What you are asked to do: Restate the data word for word. Leave the pictures out.

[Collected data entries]
════════

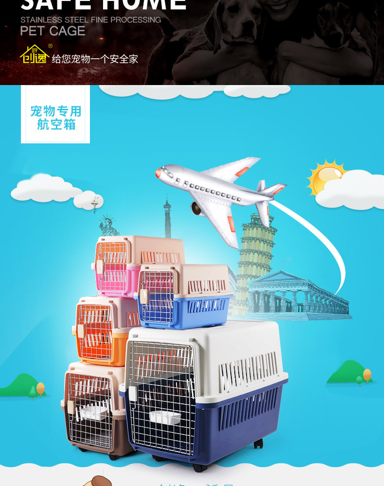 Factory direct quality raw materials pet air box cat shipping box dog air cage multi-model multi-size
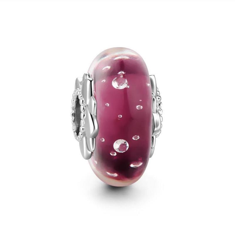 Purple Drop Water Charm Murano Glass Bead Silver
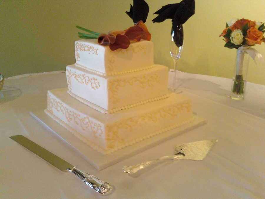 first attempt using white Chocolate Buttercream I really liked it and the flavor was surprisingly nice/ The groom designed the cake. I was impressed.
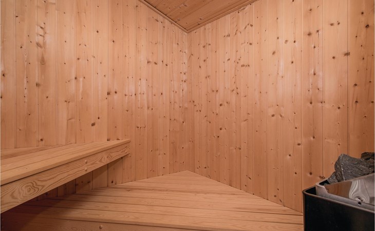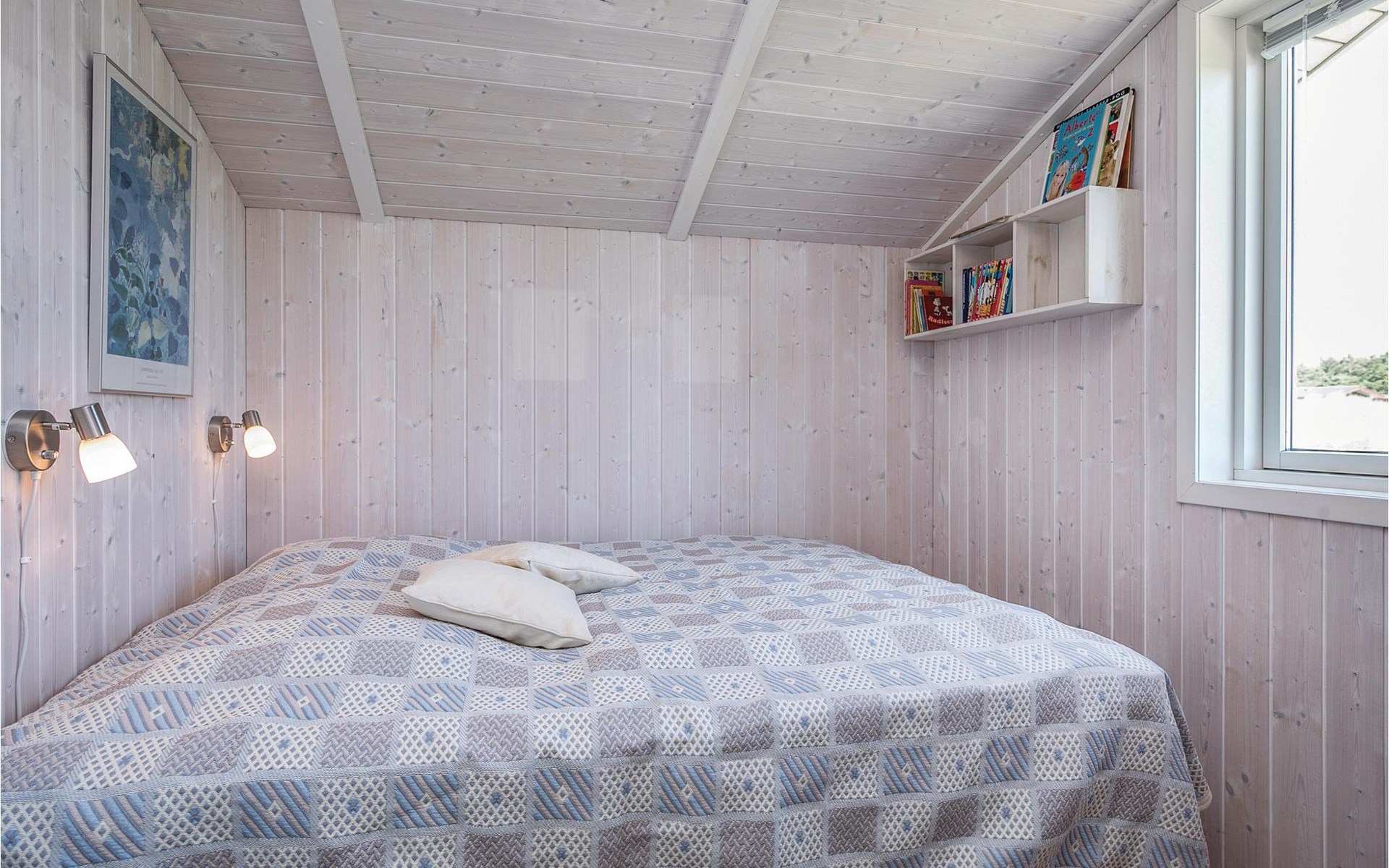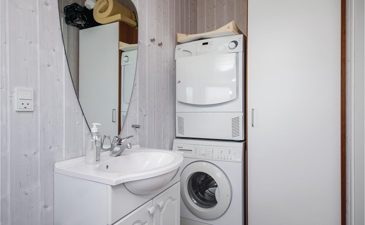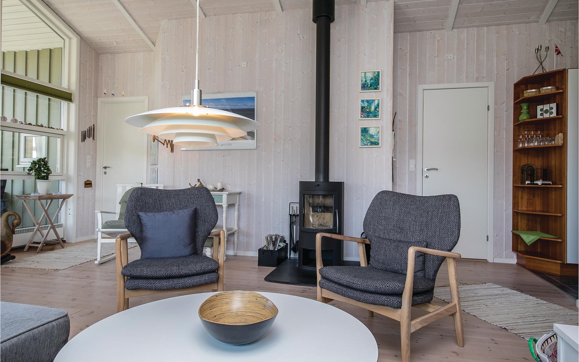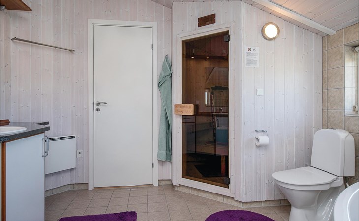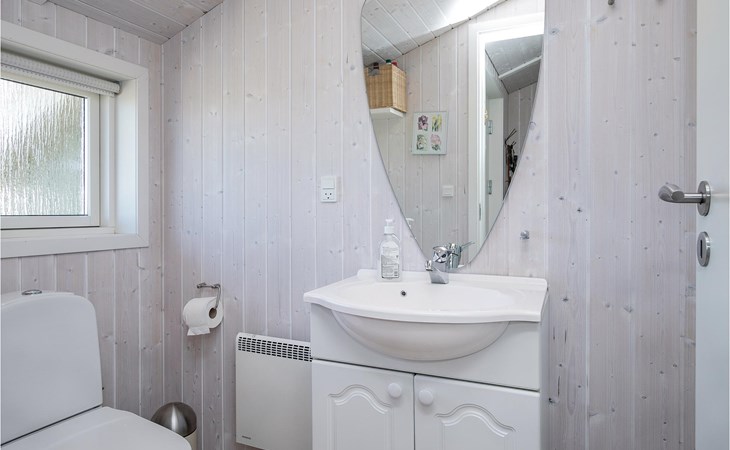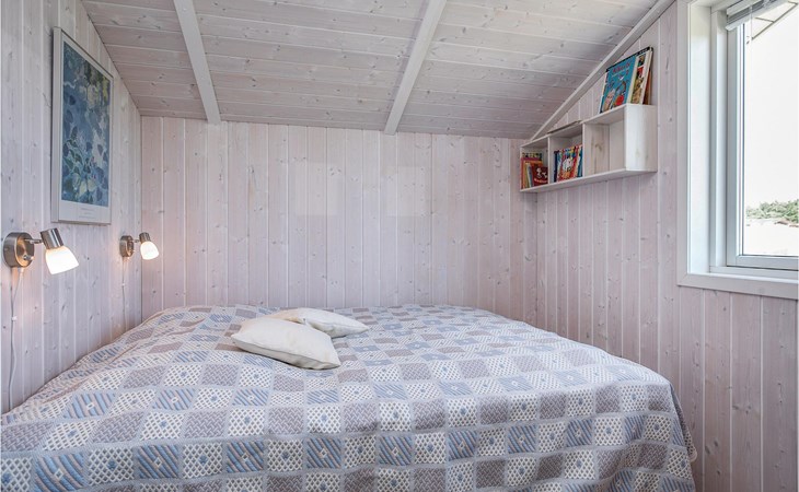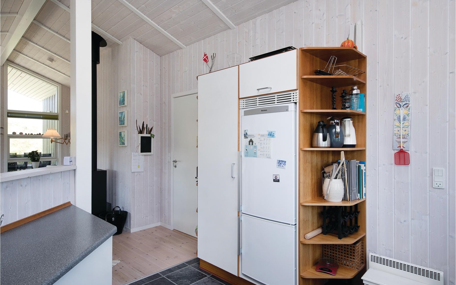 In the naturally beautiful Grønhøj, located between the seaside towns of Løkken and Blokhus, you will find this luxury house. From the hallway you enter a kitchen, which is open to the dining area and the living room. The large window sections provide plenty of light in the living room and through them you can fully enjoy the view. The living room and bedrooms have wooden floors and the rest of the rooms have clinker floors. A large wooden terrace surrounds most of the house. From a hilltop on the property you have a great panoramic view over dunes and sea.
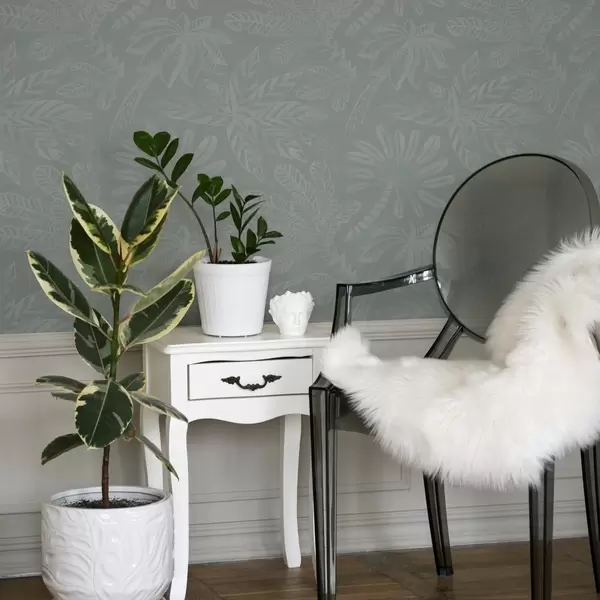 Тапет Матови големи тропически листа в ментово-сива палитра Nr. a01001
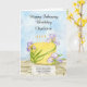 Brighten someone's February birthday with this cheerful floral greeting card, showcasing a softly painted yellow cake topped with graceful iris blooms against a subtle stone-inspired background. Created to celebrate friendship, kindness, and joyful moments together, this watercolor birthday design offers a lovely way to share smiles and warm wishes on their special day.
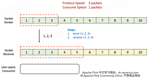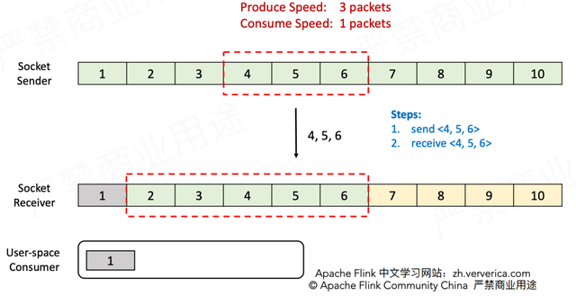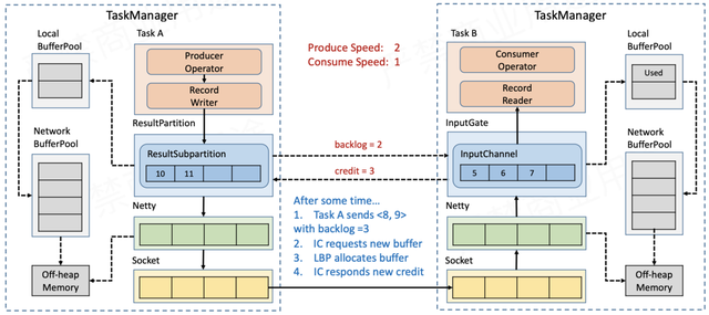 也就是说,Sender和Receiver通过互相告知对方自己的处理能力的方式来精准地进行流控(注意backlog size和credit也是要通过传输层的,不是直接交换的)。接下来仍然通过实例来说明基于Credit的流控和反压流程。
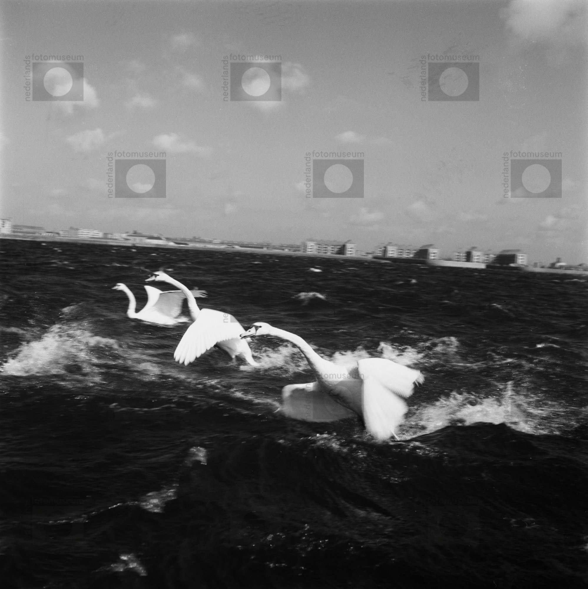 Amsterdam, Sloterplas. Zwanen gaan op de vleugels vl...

════════

Your response:
 Factory direct quality raw materials pet air box cat shipping box dog air cage multi-model multi-size
 Purple Drop Water Charm Murano Glass Bead Silver
 first attempt using white Chocolate Buttercream I really liked it and the flavor was surprisingly nice/ The groom designed the cake. I was impressed.
 In the naturally beautiful Grønhøj, located between the seaside towns of Løkken and Blokhus, you will find this luxury house. From the hallway you enter a kitchen, which is open to the dining area and the living room. The large window sections provide plenty of light in the living room and through them you can fully enjoy the view. The living room and bedrooms have wooden floors and the rest of the rooms have clinker floors. A large wooden terrace surrounds most of the house. From a hilltop on the property you have a great panoramic view over dunes and sea.
 Тапет Матови големи тропически листа в ментово-сива палитра Nr. a01001
 Brighten someone's February birthday with this cheerful floral greeting card, showcasing a softly painted yellow cake topped with graceful iris blooms against a subtle stone-inspired background. Created to celebrate friendship, kindness, and joyful moments together, this watercolor birthday design offers a lovely way to share smiles and warm wishes on their special day.
 也就是说,Sender和Receiver通过互相告知对方自己的处理能力的方式来精准地进行流控(注意backlog size和credit也是要通过传输层的,不是直接交换的)。接下来仍然通过实例来说明基于Credit的流控和反压流程。
 Amsterdam, Sloterplas. Zwanen gaan op de vleugels vl...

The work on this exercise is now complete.